A young man's fancy
What's the meaning of the phrase 'A young man's fancy'?
The expression 'A young man's fancy' alludes to light thoughts of romantic love.
What's the origin of the phrase 'A young man's fancy'?
The phrase 'a young man's fancy' was coined by Alfred Lord Tennyson, in his poem Locksely Hall, 1842:
In the spring a fuller crimson comes upon the robin's breast
In the spring the wanton lapwing gets himself another crest
In the spring a livelier iris changes on the burnished dove
In the spring a young man's fancy lightly turns to thoughts of love.

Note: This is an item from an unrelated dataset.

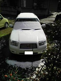 深夜にかけて雪が降って、朝起きたら少し積もってました。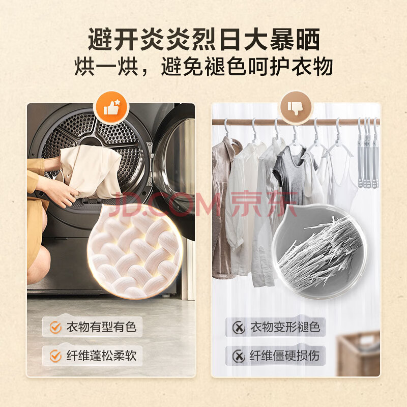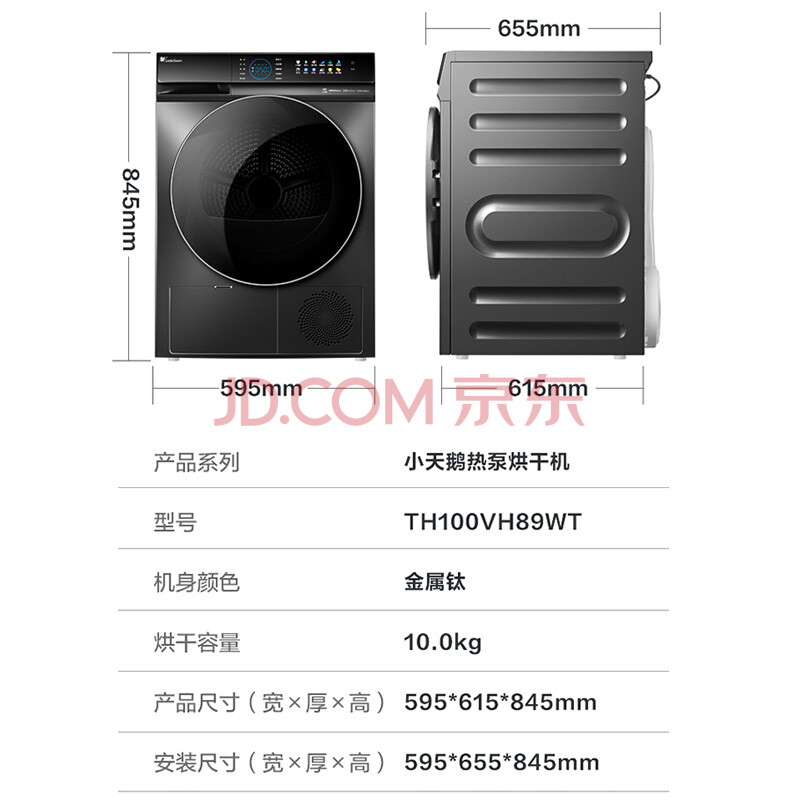 商品相册:小天鹅(LittleSwan) 烘干机 热泵式 干衣机家用 紫外线除菌 BLDC变频电机 10公斤 京东小家 TH100VH89WT第

The poem concludes with what is one of the best known lines in English poetry. However, it wasn't the whimsical accolade to young love as might be imagined. The protagonist muses on unrequitted love in a somewhat bitter mood. Tennyson described the poem as showing "young life, its good side, its deficiencies, and its yearnings".
By the word 'fancy' Tennyson meant 'imagination; a mental image'. To take a fancy to is to be attracted to and imagine (fancy) oneself together with the object of one's affection. This expression was well known from the 16th century onward. It is first found in the 1541 Acts of Parliament of Henry VIII:
In case it fortune... the king... should take a fancie to anie woman.